Intracerebral hemorrhage (ICH) is a common neurological disease, causing severe disability and even deaths. Stem cell transplantation has been increasingly used in stroke therapy, and neural stem cells (NSCs) are a good source for stem cell transplantation. However, the regulatory mechanism of NSCs remains unclear. In this study, we examined the impact of insulin-like growth factor-1 (IGF-1) secreted by NSCs on microglial polarization following ICH in adult C57BL/6 mice. Mouse models of ICH were established by collagenase injection. ICH mice received NSC transplantation 1 h after model establishment. Firstly, the changes of microglial polarization in cerebral tissues of ICH mice were detected by immunofluorescence and ELISA. Secondly, the molecular mechanism underlying the microglial polarization was evaluated repeatedly with the application of IGF-1R siRNA and IGF-1R-mediated inhibition. We assessed the brain water content and behavioral deficits of ICH mice 12, 24, 48, and 72 h after surgery. The survival of neurons in the brain was examined using Nissl staining and TUNEL staining at 72 h. The TLR4/NF-κB pathway implicated in ICH-induced inflammation was profiled by Western blot analysis and immunohistochemistry. Finally, the changes in microglia after ICH in mice were re-examined under different doses of rhIGF-1. In summary, NSC transplantation changed microglial polarization in ICH mice. IGF-1R inhibition and knockdown reversed the therapeutic effect of NSCs, and rhIGF-1 had an anti-inflammatory effect. The results of this study suggest that IGF-1R stimulation is a potential target for stem cell-based treatment of cerebral hemorrhage and may attenuate inflammatory response in the brain after bleeding.

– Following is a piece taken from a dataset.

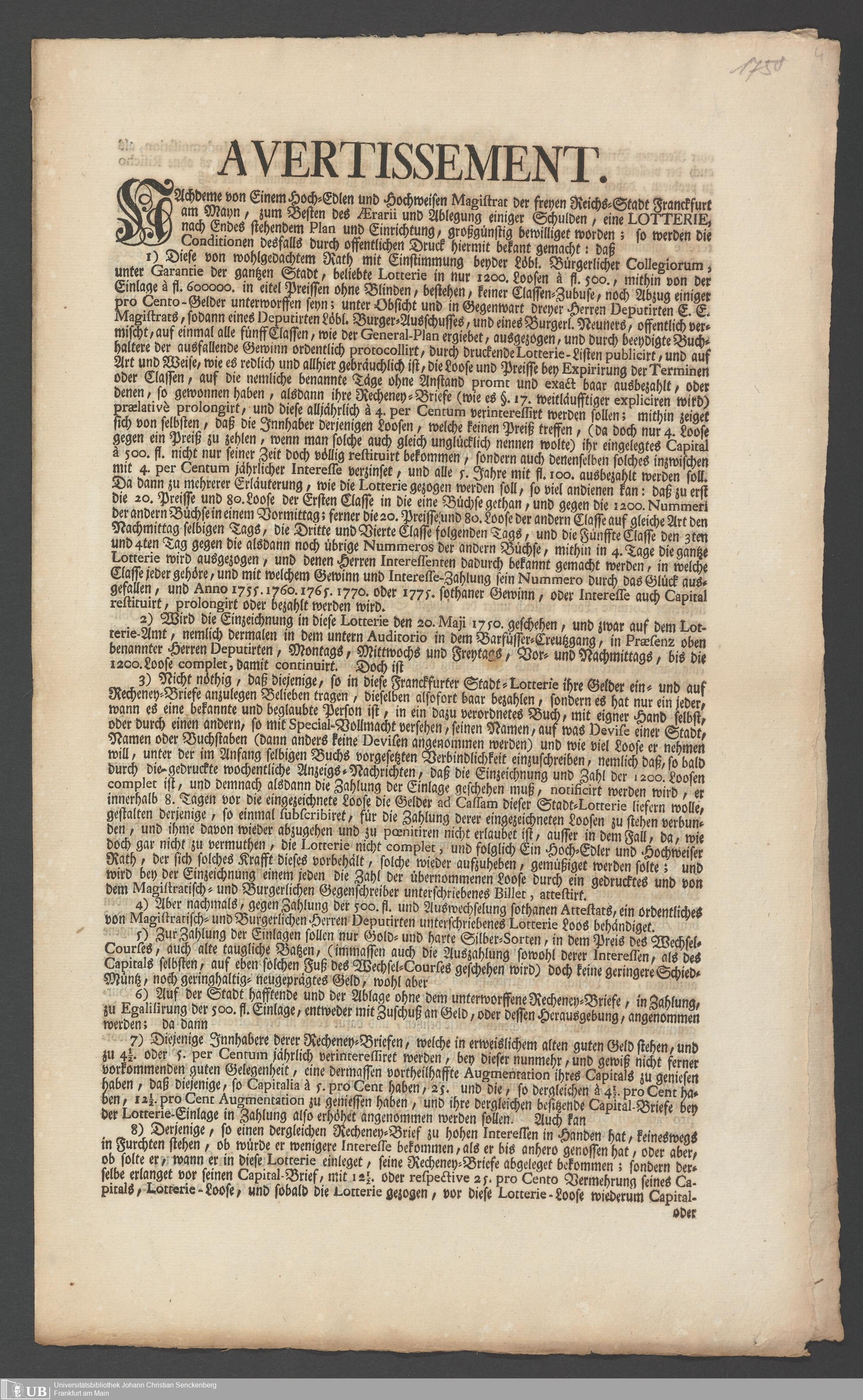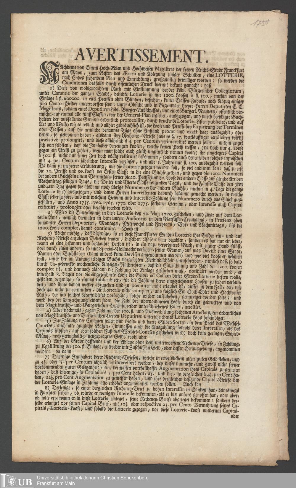 Na 31 Nachlass Johann Christian Senckenberg, 331 - Frankfurter Kapital-Lotterie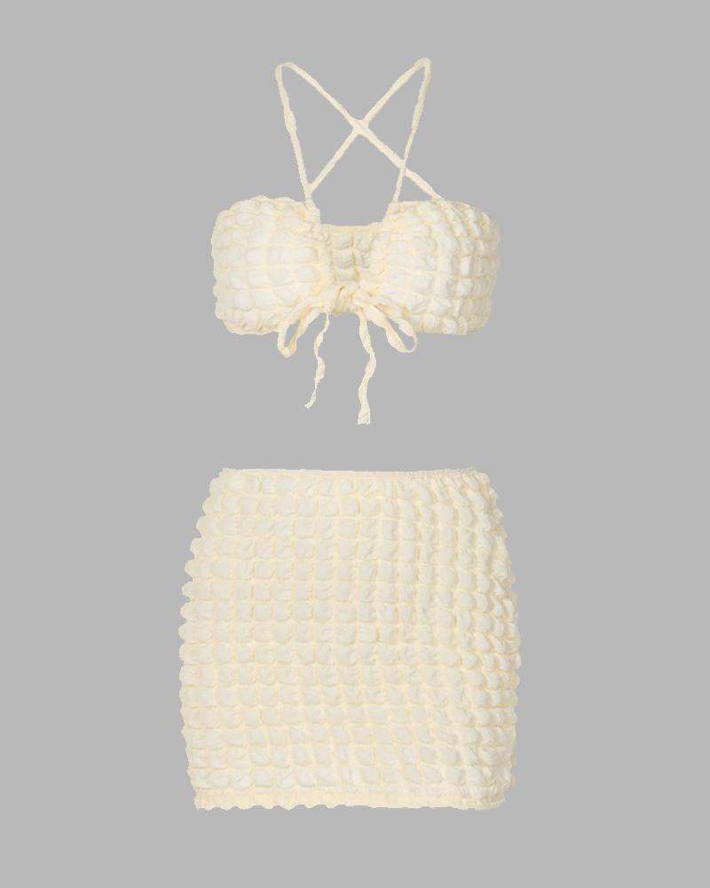 Details: Waffle-like coord set with cross-back bralet and short skirt

脑出血（ICH）是一种常见的神经系统疾病，会导致严重的残疾甚至死亡。干细胞移植越来越多地用于中风治疗，神经干细胞（NSCs）是干细胞移植的良好来源。然而，NSCs的调控机制尚不清楚。在这项研究中，我们检查了 NSC 分泌的胰岛素样生长因子-1 (IGF-1) 对成年 C57BL/6 小鼠 ICH 后小胶质细胞极化的影响。通过胶原酶注射建立ICH小鼠模型。ICH小鼠在模型建立后1小时接受NSC移植。首先，通过免疫荧光和ELISA检测ICH小鼠脑组织中小胶质细胞极化的变化。其次，通过应用 IGF-1R siRNA 和 IGF-1R 介导的抑制，反复评估了小胶质细胞极化的分子机制。我们评估了 ICH 小鼠在手术后 12、24、48 和 72 小时的脑水含量和行为缺陷。在 72 小时时使用 Nissl 染色和 TUNEL 染色检查脑中神经元的存活情况。通过蛋白质印迹分析和免疫组织化学分析与 ICH 诱导的炎症有关的 TLR4/NF-κB 通路。最后，在不同剂量的rhIGF-1下重新检查小鼠ICH后小胶质细胞的变化。总之，NSC 移植改变了 ICH 小鼠的小胶质细胞极化。IGF-1R 抑制和敲低逆转了 NSCs 的治疗作用，而 rhIGF-1 具有抗炎作用。